Robert Eduard Prutz (30 May 1816 – 21 June 1872) was a German poet and prose writer.

He was born at Stettin, modern day Szczecin. He studied philology, philosophy and history at Berlin, Breslau, and Halle, and in the last-named became associated, after taking his degree, with Arnold Ruge in the publication of the Hallesche Jahrbücher. Subjected on account of his advanced political views to police surveillance, he removed to Jena, where, on the strength of an excellent monograph, Der Göttinger Dichterbund (1841), he hoped to obtain an academic appointment. He was, however, expelled from the town for offending against the press laws, and it was not until 1846 that he received permission to lecture in Berlin. From 1849 to 1859 he was extraordinary professor of literature at Halle, but retired in 1859 to Stettin, where he died in 1872.
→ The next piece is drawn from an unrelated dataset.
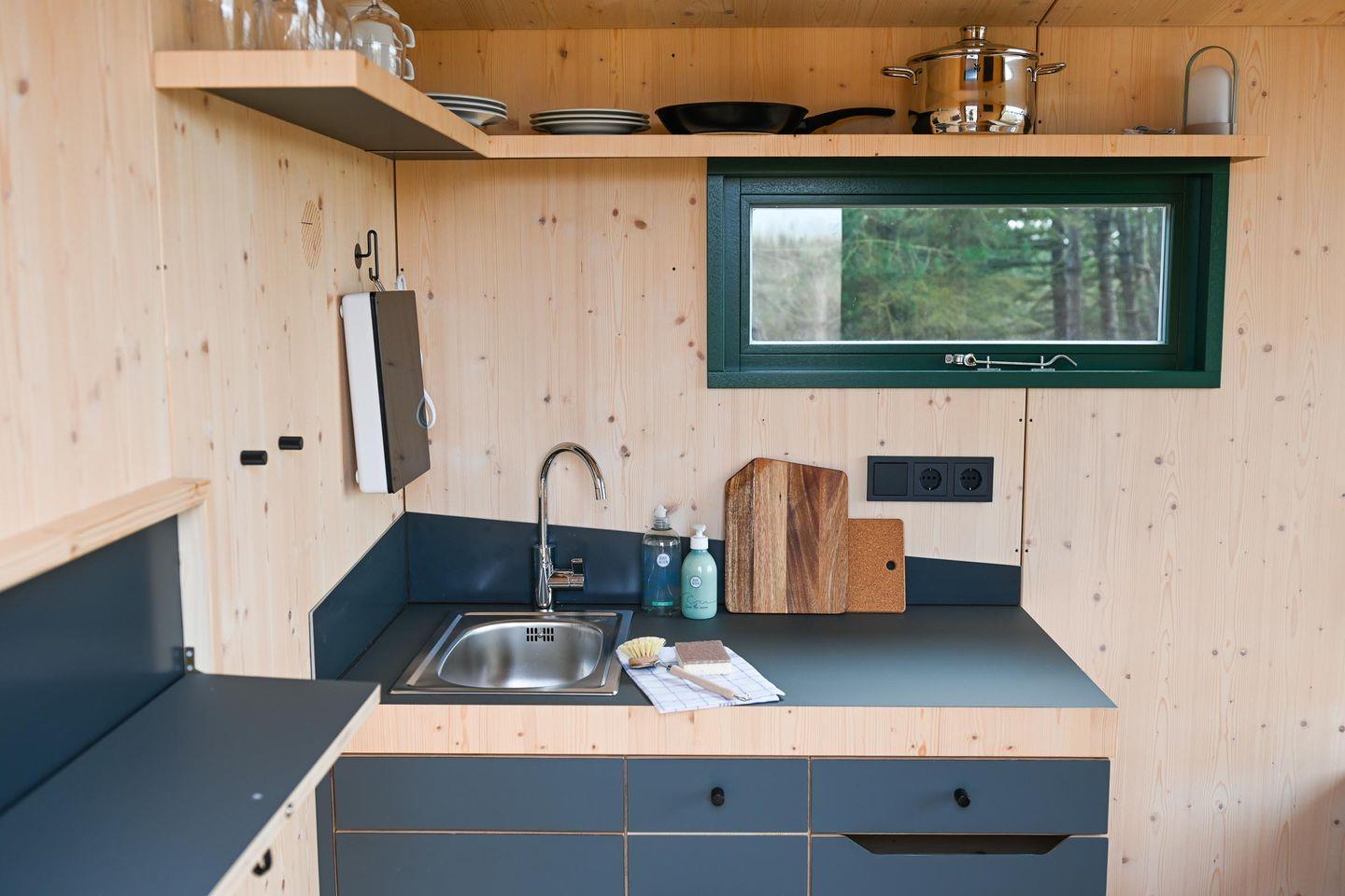 Die neuen Green Tiny Sleep Spaces sind ideal geeignet für Fahrradfahrer, Wanderer und andere Naturliebhaber, die nach einer nachhaltigen und stilvollen Übernachtungsmöglichkeit suchen. Auf fünf Quadratmetern findest du alles, was du für einen Kurzaufenthalt benötigst: ein komfortables Bett für zwei Personen, eine Kochnische mit Waschbecken und ausreichend Staumöglichkeiten. Duschen und Toiletten findest du in den Waschräumen auf dem Campingplatz Amrum. Die kleinen Geschwister der Green Tiny Houses vom Typ Pioneer werden ebenfalls in Schleswig-Holstein gebaut und bestehen ausschließlich aus wohngesunden Materialien. Außerdem bieten wir dir eine klimaneutrale Übernachtung dank Kompensation aller anfallenden CO2-Emissionen.
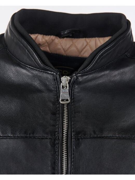 Кожаный блузон из мягкой овчины имеет два нагрудных кармана на кнопках, два боковых кармана на кнопках и два внутренних кармана. Воздухозаборники в сочетании с аккуратно обработанными декоративными швами и полиэстеровой сеткой внутри образуют изящный мужской блузон. Застегивается на молнию и имеет прямой крой.

Prutz belonged to the group of political poets who dominated German literature between 1841 and 1848; his poems are more conspicuous for their liberal tendency than their poetry. Among them may be mentioned Ein Märchen (1841); Gedichte (1841); Aus der Heimat (1858); Neue Gedichte (1860); Herbstrosen (i865); Buch der Liebe (1869). Among his novels are noteworthy, Das Engelchen (1851) and Der Musikantenturm (1855). Much more important are his contributions to literary history and criticism: Vorlesungen über die Geschichte des deutschen Theaters (1847); Ludwig Holberg (1857); Die deutsche Literatur der Gegenwart (1859), and Menschen und Bücher (1862). Prutz also wrote some dramas of little merit.

His son Hans Prutz was a notable historian.